***** Records provided

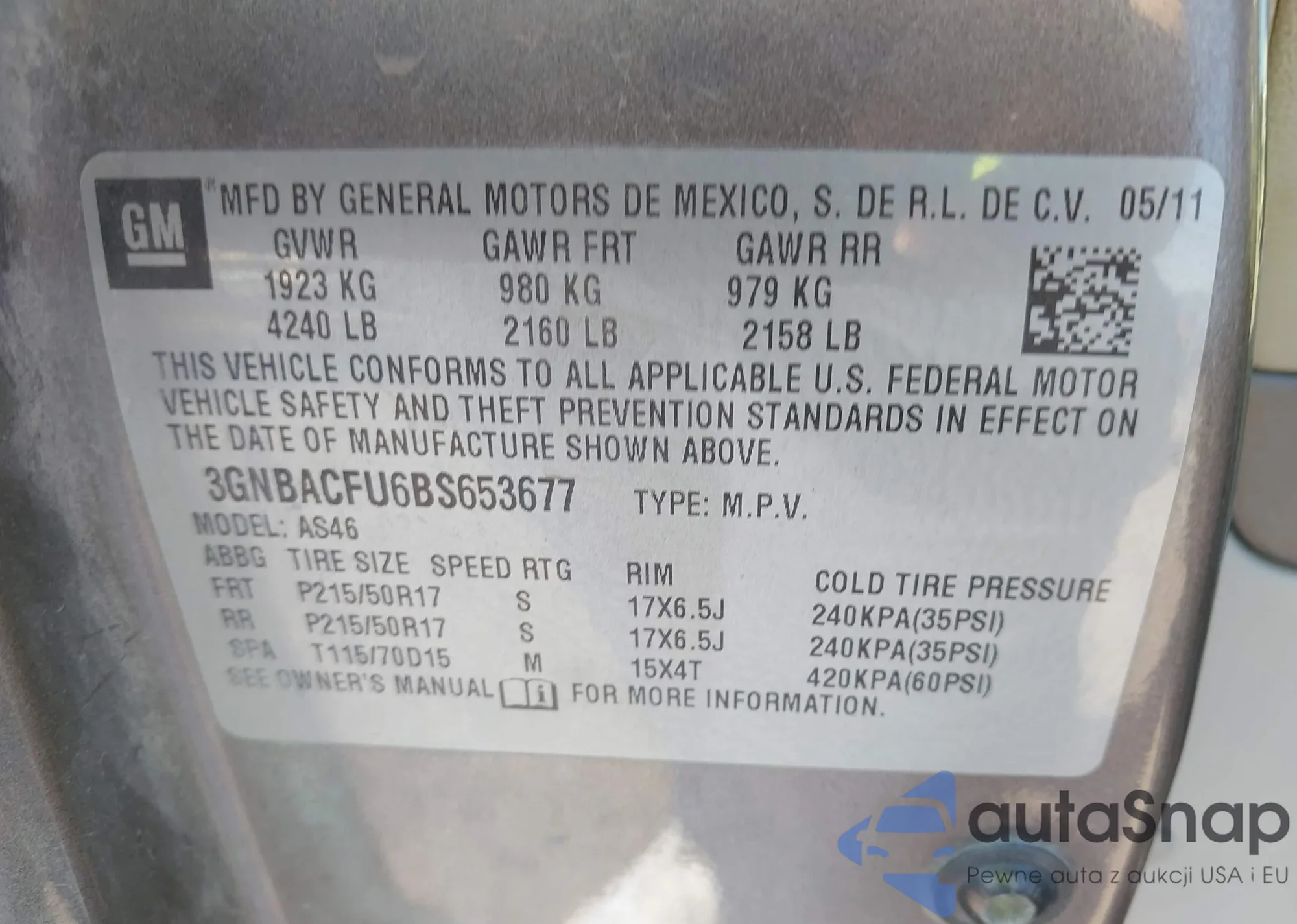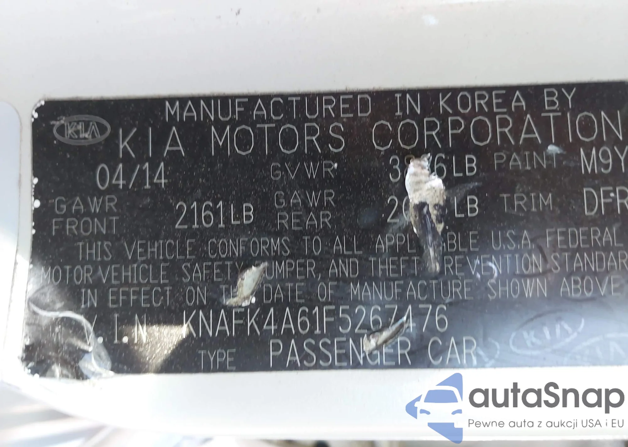 LOT: 43447986 VIN: KNAFK4A61F5267476
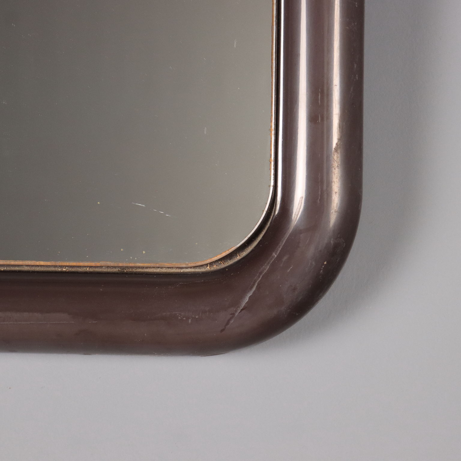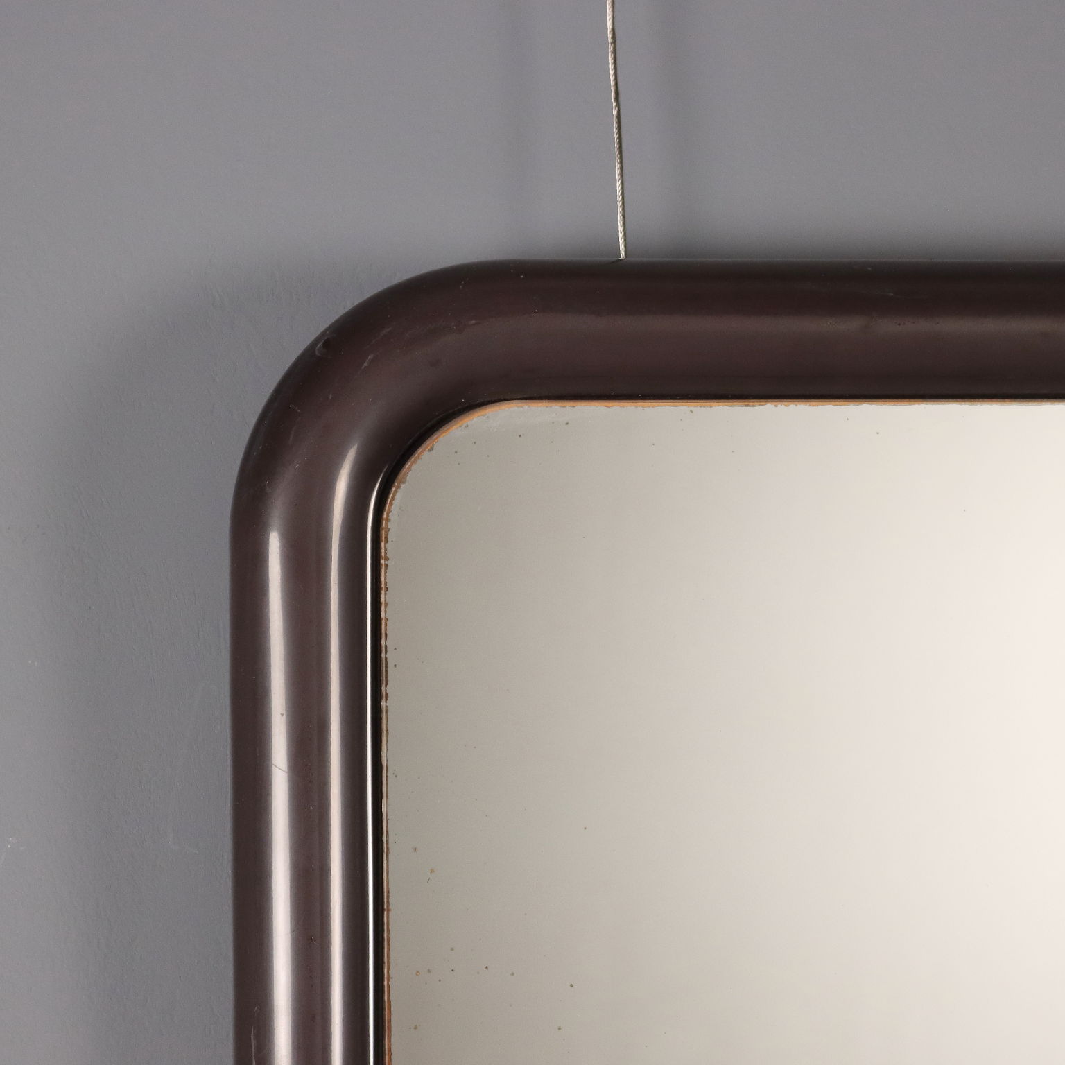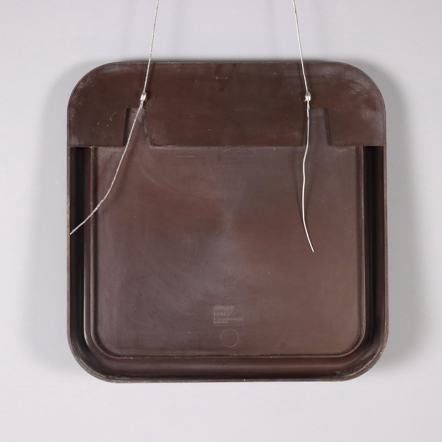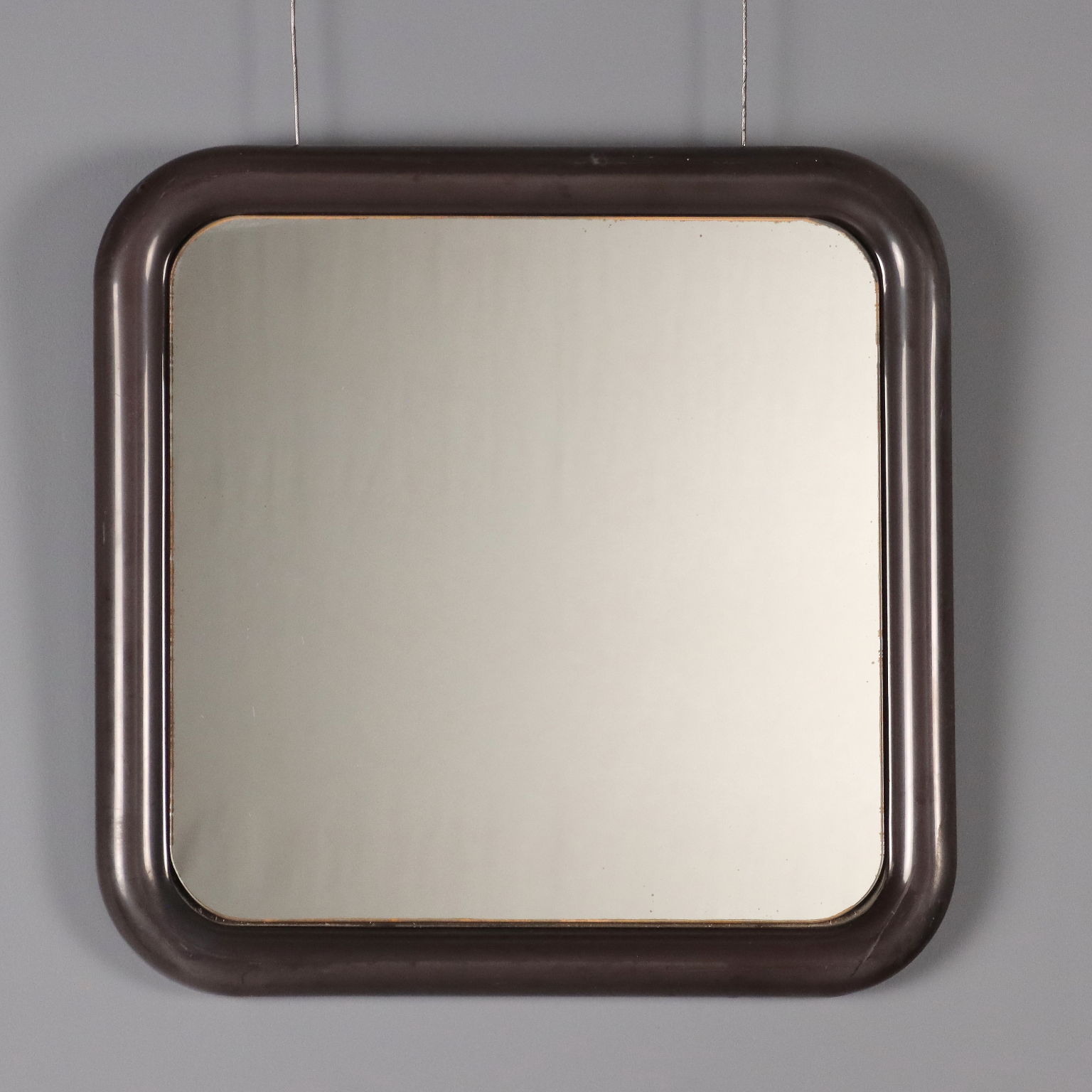 Vintage 1970s square mirror with beveled corners and brown plastic frame.
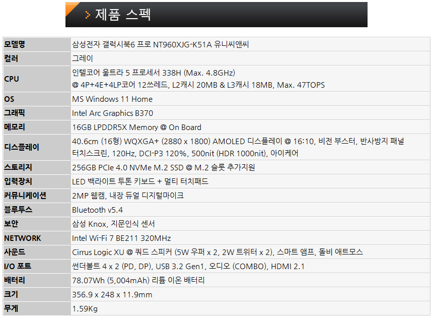 @ 삼성전자 갤럭시북6 프로 NT960XJG-K51A 유니씨앤씨 보러가기
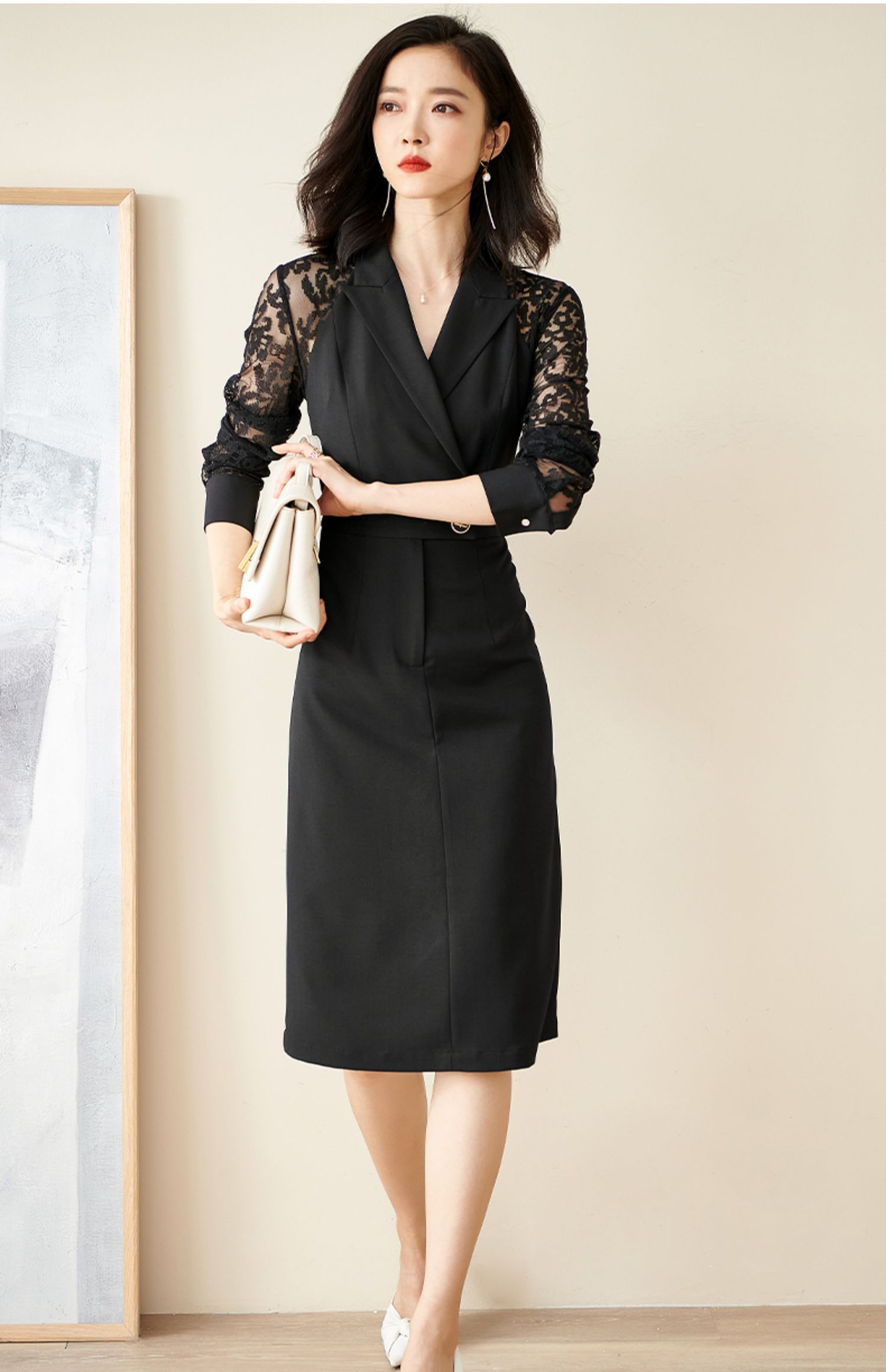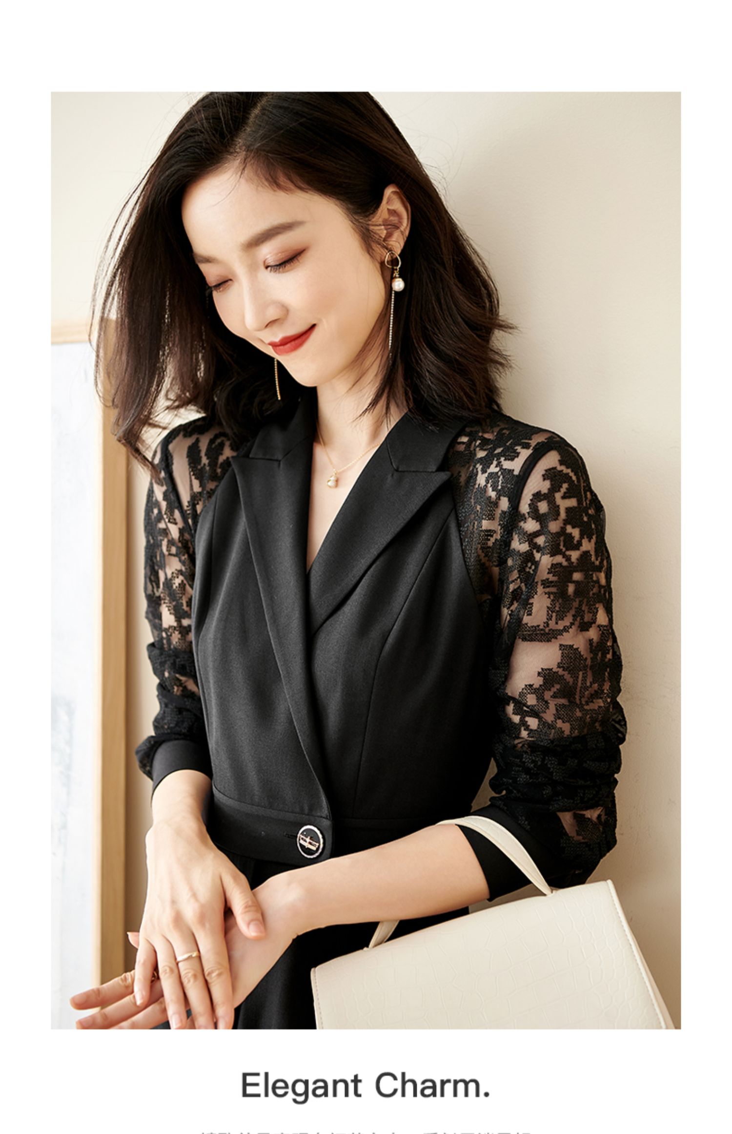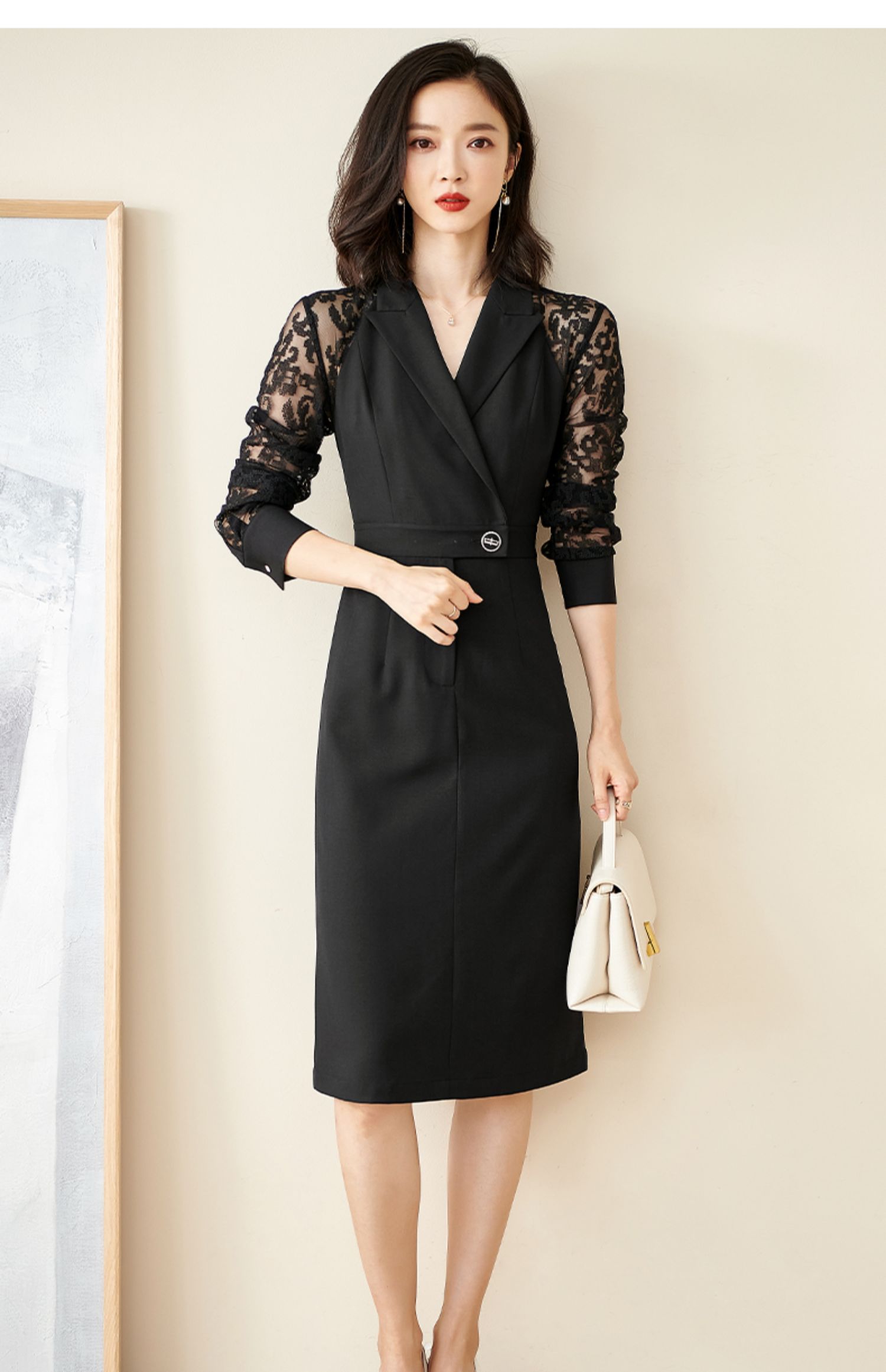 剩S 米思阳连衣裙新款知性优雅黑色刺绣蕾丝显瘦小众a字裙1565
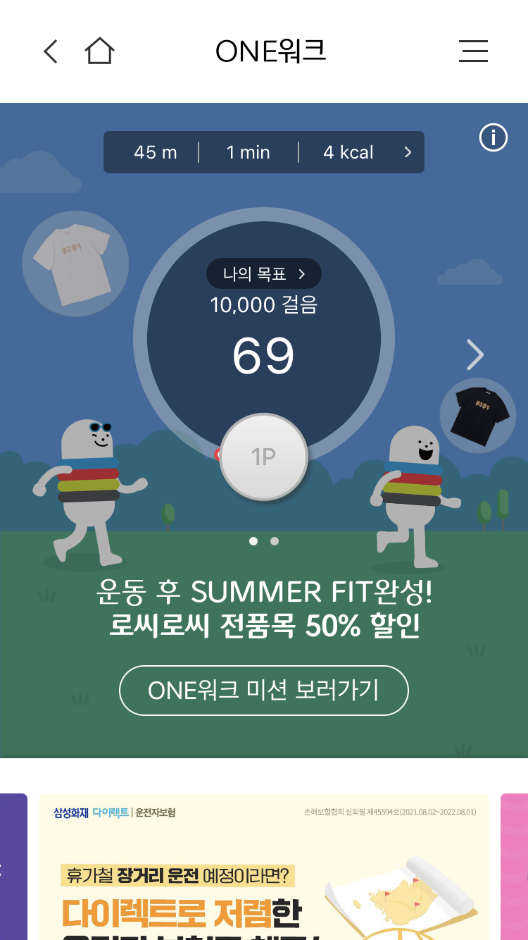 매일 룰렛은 '출석체크'와 같은 개념이라고 생각하시면 되구요, 'ONE 워크'는 만보기 기능에 포인트까지 모으는 기능이라고 보시면 됩니다.
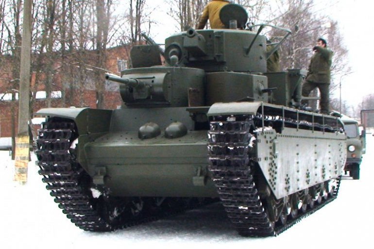 Танк Т-35 был принят на вооружение в 1933 году, серийное производство его осуществлялось на Харьковском паровозостроительном заводе с 1933 по 1939 год. Танки этого типа состояли на вооружении бригады тяжелых машин резерва Главного командования. Машина имела классическую компоновку: отделение управления расположено в передней части корпуса, боевое - в средней, двигатель и трансмиссия - в корме. Вооружение было размещено в два яруса в пяти башнях. В центральной башне кругового вращения были смонтированы 76,2-мм пушка и 7,62-мм пулемет ДТ.
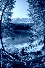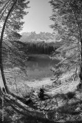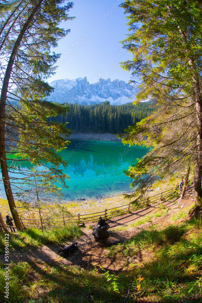 Carezza lake Lago di Carezza, Karersee with Mount Latemar, Bolzano province, South tyrol, Italy. Landscape of Lake Carezza or Karersee and Dolomites in background, Nova Levante, Bolzano, Italy.
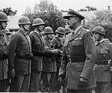 Lundqvist, överste, A 6, tar emot regementet för första gången.

**********

## What is expected
Without altering anything, output all the lines above but none of the images.

## Worked solution
 LOT: 43447986 VIN: KNAFK4A61F5267476
 Vintage 1970s square mirror with beveled corners and brown plastic frame.
 @ 삼성전자 갤럭시북6 프로 NT960XJG-K51A 유니씨앤씨 보러가기
 剩S 米思阳连衣裙新款知性优雅黑色刺绣蕾丝显瘦小众a字裙1565
 매일 룰렛은 '출석체크'와 같은 개념이라고 생각하시면 되구요, 'ONE 워크'는 만보기 기능에 포인트까지 모으는 기능이라고 보시면 됩니다.
 Танк Т-35 был принят на вооружение в 1933 году, серийное производство его осуществлялось на Харьковском паровозостроительном заводе с 1933 по 1939 год. Танки этого типа состояли на вооружении бригады тяжелых машин резерва Главного командования. Машина имела классическую компоновку: отделение управления расположено в передней части корпуса, боевое - в средней, двигатель и трансмиссия - в корме. Вооружение было размещено в два яруса в пяти башнях. В центральной башне кругового вращения были смонтированы 76,2-мм пушка и 7,62-мм пулемет ДТ.
 Carezza lake Lago di Carezza, Karersee with Mount Latemar, Bolzano province, South tyrol, Italy. Landscape of Lake Carezza or Karersee and Dolomites in background, Nova Levante, Bolzano, Italy.
 Lundqvist, överste, A 6, tar emot regementet för första gången.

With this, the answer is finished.